32. The pharmaceutical composition according to any one of claims 18 to 31 comprising a] between 50 and 200 mg of flurbiprofen or a pharmaceutically acceptable salt thereof, b] between 5and 80 mg of famotidine or a pharmaceutically acceptable salt thereof, c] between 10 and 200 mg of potassium or sodium bicarbonate, and d] 0.5 to 30 mg of menthol or 1-menthol.

33. The pharmaceutical composition according to any one of claims 18 to 32 comprising a] 100 mg of flurbiprofen or a pharmaceutically acceptable salt thereof, b] 20 mg of famotidine or a pharmaceutically acceptable salt thereof, c] 36 mg of potassium bicarbonate, and d] 1.5 mg of menthol or 1-menthol.

34. The pharmaceutical composition according to any one of claims 1 to 33, further comprising at least one pharmaceutically acceptable excipient which is selected from diluents, binders, lubricants, disintegrating agents, surfactants, glidants, sweetening agents, coloring agents and coating agents.

35. The pharmaceutical composition according to claim 34, wherein the weight ratio of lubricant to disintegrating agent is between 1:2 and 1:20.

36. The pharmaceutical composition according to claim 34 or 35, wherein the lubricant is magnesium stearate and the disintegrating agent is crospovidone.

37. The pharmaceutical composition according to any one of the preceding claims, wherein Tmax of flurbiprofen and famotidine is between 15 and 60 minutes.

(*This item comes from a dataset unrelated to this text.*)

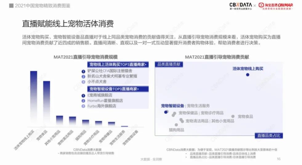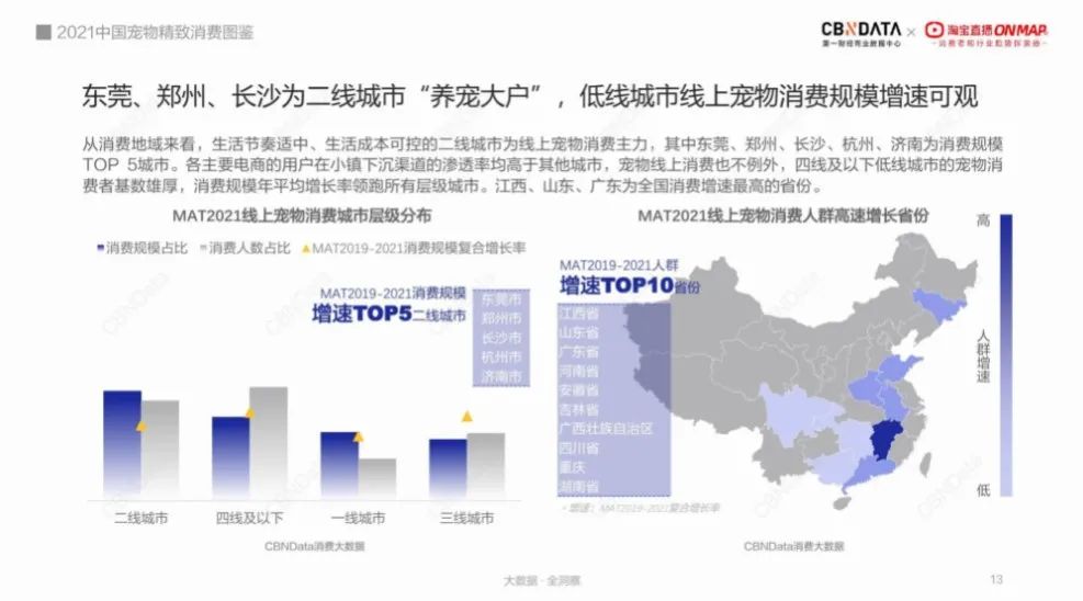 CBNData联合淘宝直播ON MAP推出《2021中国宠物精致消费图鉴》,共同探讨当下宠物消费的新趋势。报告显示,近三年国内线上宠物消费受消费人数增长及笔单价驱动,消费规模增长达1.5倍。与此同时,直播引导宠物消费近一年同比增长达2倍。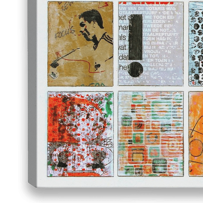 Mischtechnik und Montage auf Papier. Diese Arbeit gehört zur Reihe Collagen. Die Collagen sind mit allerlei Fotos, Bildern und Bildern aufgebaut, die ich im Laufe der Jahre gesammelt habe. Zuerst male ich eine Oberfläche mit Aquarell- oder Acrylfarbe und bearbeite sie mit Stempeldruck, Farbspritzern und Doodle-Zeichnungen. Die Collage…

38. The pharmaceutical composition according to claim 37, wherein Tmax of flurbiprofen and famotidine is between 15 and 45 minutes.

39. A method for preparing the pharmaceutical composition according to any one of claims 1 to 38, comprising the step of wet granulating the mixture of flurbiprofen and H2 receptor antagonist with a binder and/or disintegrant in a high shear granulator.

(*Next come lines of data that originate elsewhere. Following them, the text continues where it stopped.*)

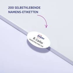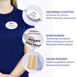 Kvalita štítků od odborníků: Samolepicí, oddělitelné jmenovací štítky L4882-20 pro laserové tiskárny od společnosti Avery Zweckform v oválném formátu 85 x 50 mm vám usnadní organizaci akcí, seminářů, veletrhů a konferencí. 200 bílých, potisknutelných textilních štítků na 20 arších.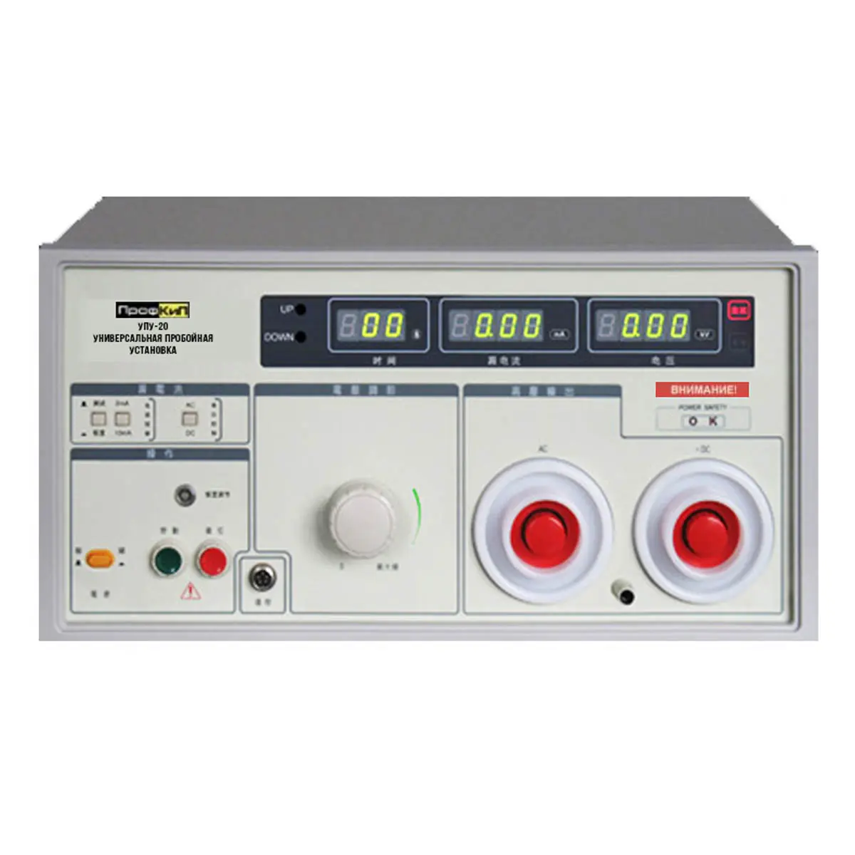 Высоковольтная пробойная установка ПрофКиП УПУ20 предназначена для генерирования напряжения постоянного и переменного тока синусоидальной формы, для проведения испытаний на проверку напряжения пробоя, измерения тока утечки и других показателей эффективности электрической безопасности изоляции силовых кабелей, электроустановок, диэлектриков, средств защиты и т.д. Так же универсальная пробойная установка ПрофКиП УПУ20 может выступать в качестве источника питания высокого напряжения постоянного тока, для проверки характеристик компонентов и приборов.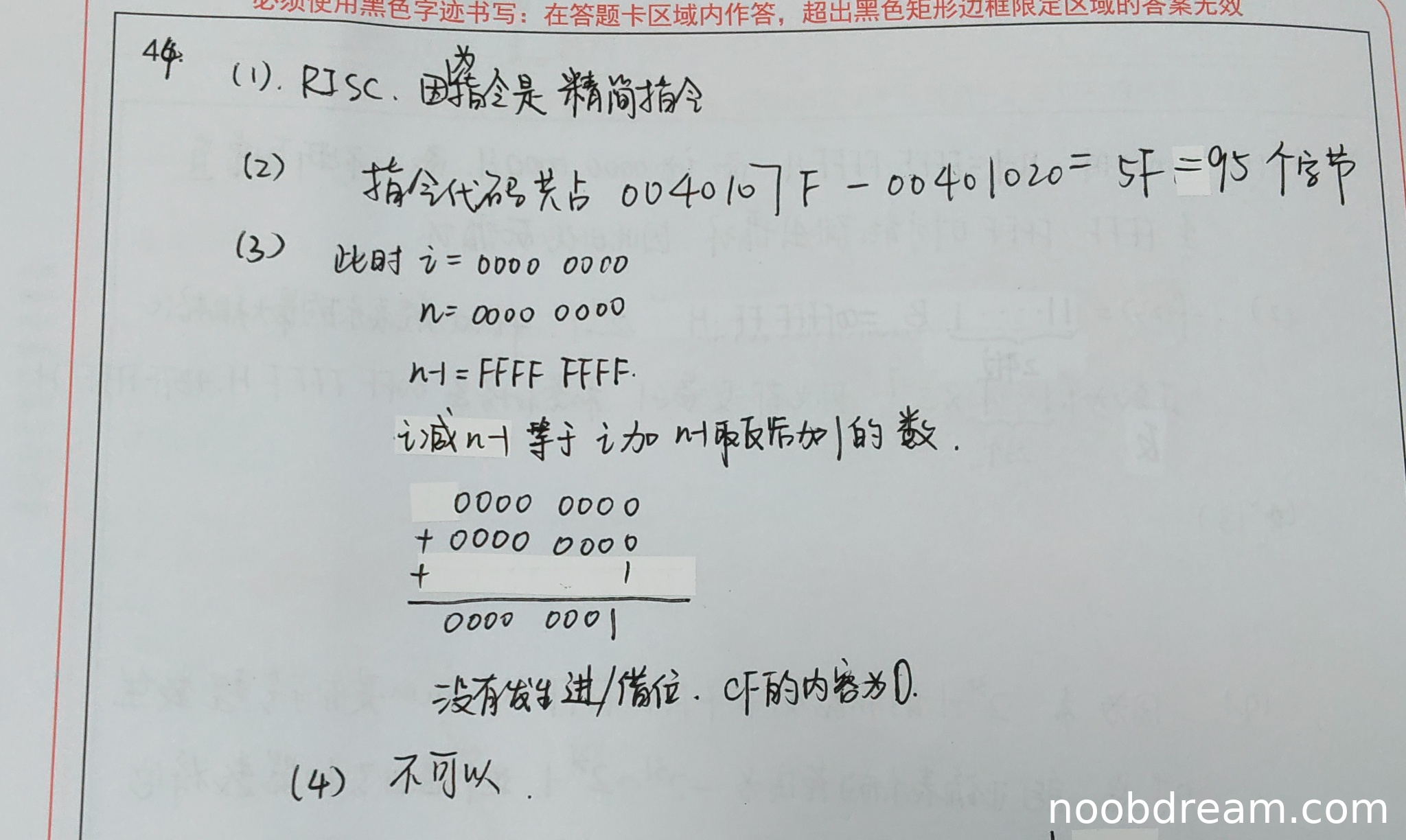 学生正确给出了i=0、n=0时n-1=FFFFFFFF,并进行了补码减法计算(00000000 + 00000000 + 1 = 00000001),但错误得出“没有发生进/借位,CF=0”。标准答案指出减法运算中CF = C⊕1(C为进位输出,此处C=0),因此CF=1。学生计算过程正确但结论错误,扣2分,得1分。
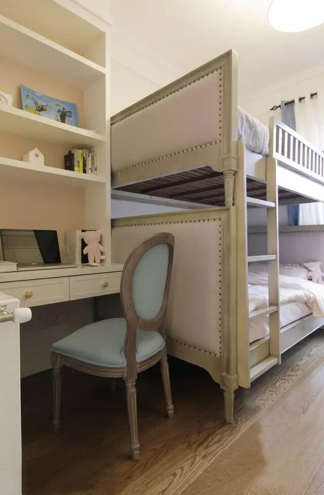 而在床尾这边,也同样布置了一个书桌位置,让儿童房可以同时满足2个孩子的使用需要;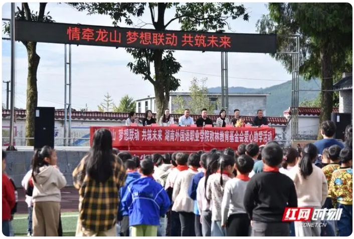 10月25日上午,湖南外国语职业学院(以下简称“湖外”)秋林教育基金会来到龙山县农车镇九年制学校,开展公益助学活动。湖南省教育厅乡村振兴工作队代表、湖外相关负责人、全校近300名师生参加。

40. The method according to claim 39, comprising the step of wet granulating the mixture of flurbiprofen and famotidine with a granulation solution prepared with distilled water and a a disintegrating agent a high shear granulator.

41. The method according to claim 39 or 40, wherein the mixture further comprises at least one lubricant and at least one disintegrating agent as pharmaceutically acceptable excipients providing a content uniformity between the range of 85% to 115% for both flurbiprofen and famotidine in the pharmaceutical composition.

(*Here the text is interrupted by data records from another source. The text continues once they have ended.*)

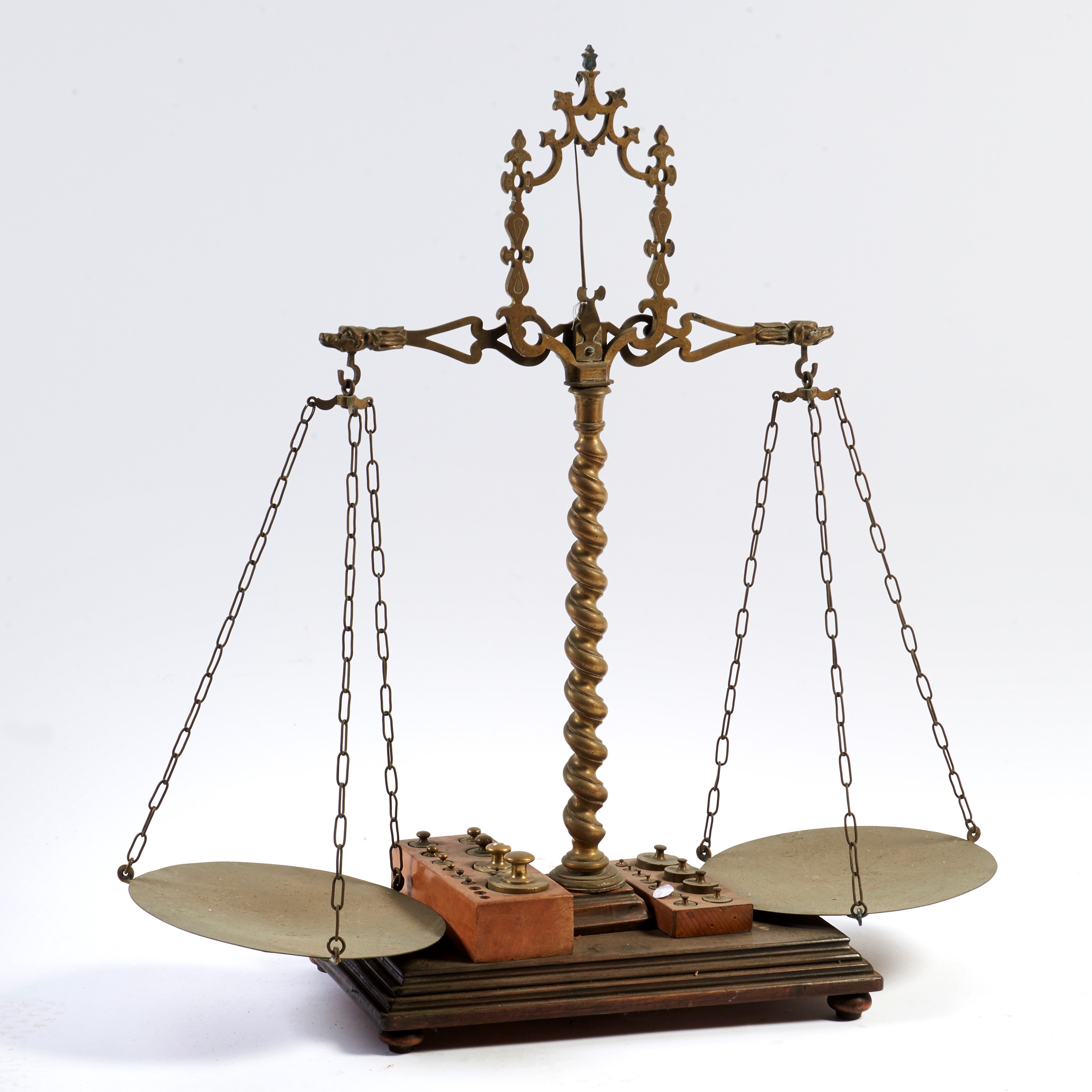 da tavola, in metallo dorato, base in legno; completa di pesi, cm L80xP27xH84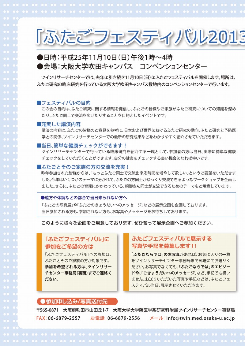 大阪大学大学院医学系研究科附属ツインリサーチセンター事務局 http://www.twin.med.osaka-u.ac.jp/fest2013.html |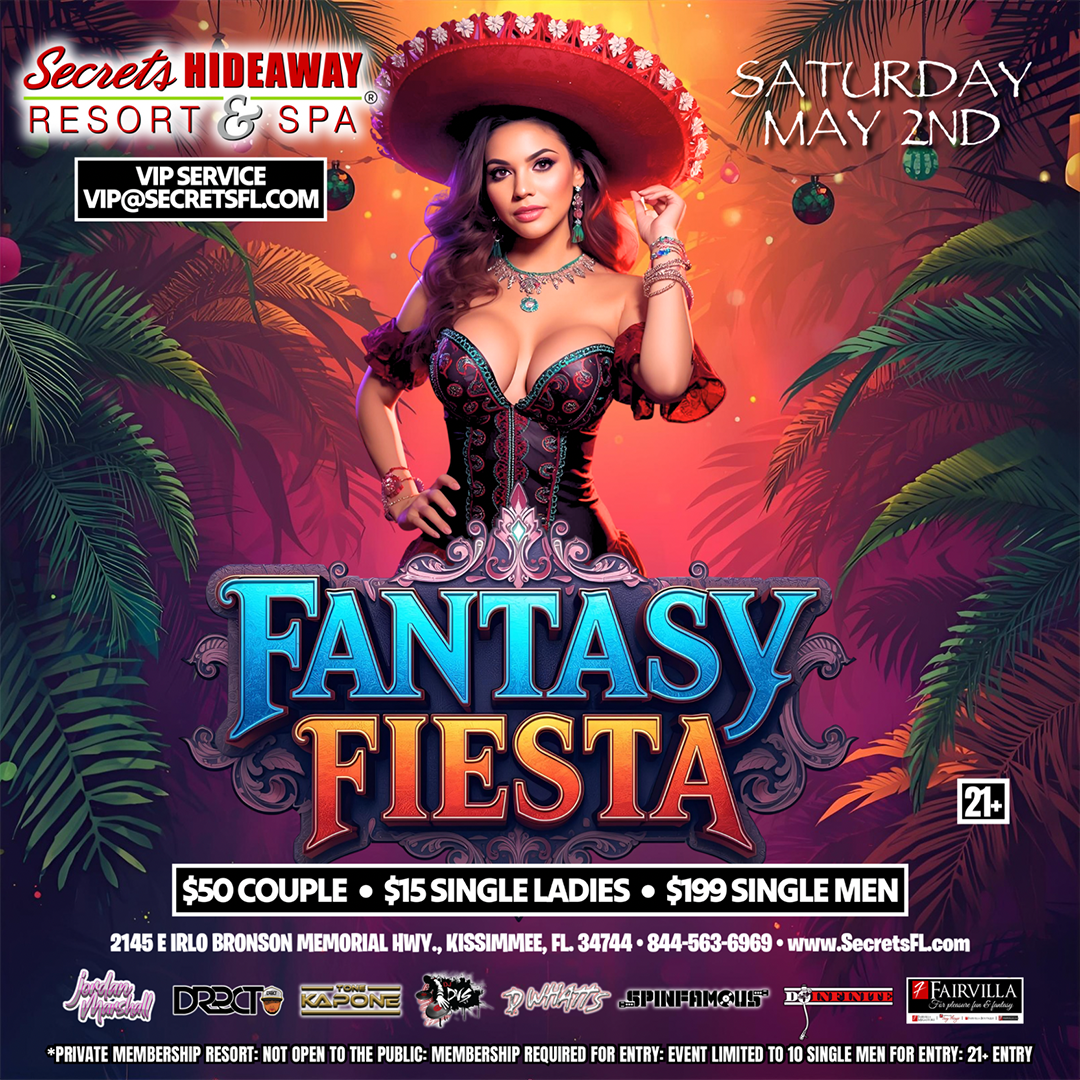 Secrets Hideaway presents “Fantasy Fiesta” on Saturday, May 2nd! Heat up the night and unleash your boldest fantasies as Secrets transforms into a sizzling celebration inspired by vibrant Mexican flair. Slip into your sexiest fiesta-themed outfit—think spicy colors, seductive skirts, sombreros with a twist, embroidered lingerie, or anything that brings out your caliente side. Tonight is all about passion, color, and playful temptation as the party erupts with festive energy and irresistible charm.

42. The method according to claim 39 or 40, wherein the weight ratio of lubricant to disintegrating agent is between 1:3 and 1:30.

43. The pharmaceutical composition according to anyone of claims 1 to 38 for use in the treatment of inflammation or pain.

44. The pharmaceutical composition for use according to claim 43, wherein the inflammation or pain caused by chronic polyarthritis, ankylosing spondilytis, osteoarthritis, gout attacks, extra- articular rheumatism, post-traumatic and postoperative pain, dysmenorrhea, rheumatoid arthritis, inflammatory bowel disease, Crohn’s disease, colitis ulcerosa; acute musculoskeletal pain; chronic musculoskeletal pain muscle strain; toothache, muscular pain (myalgia, strain], back pain, knee pain, shoulder pain, bursitis, tendinitis or epicondylitis.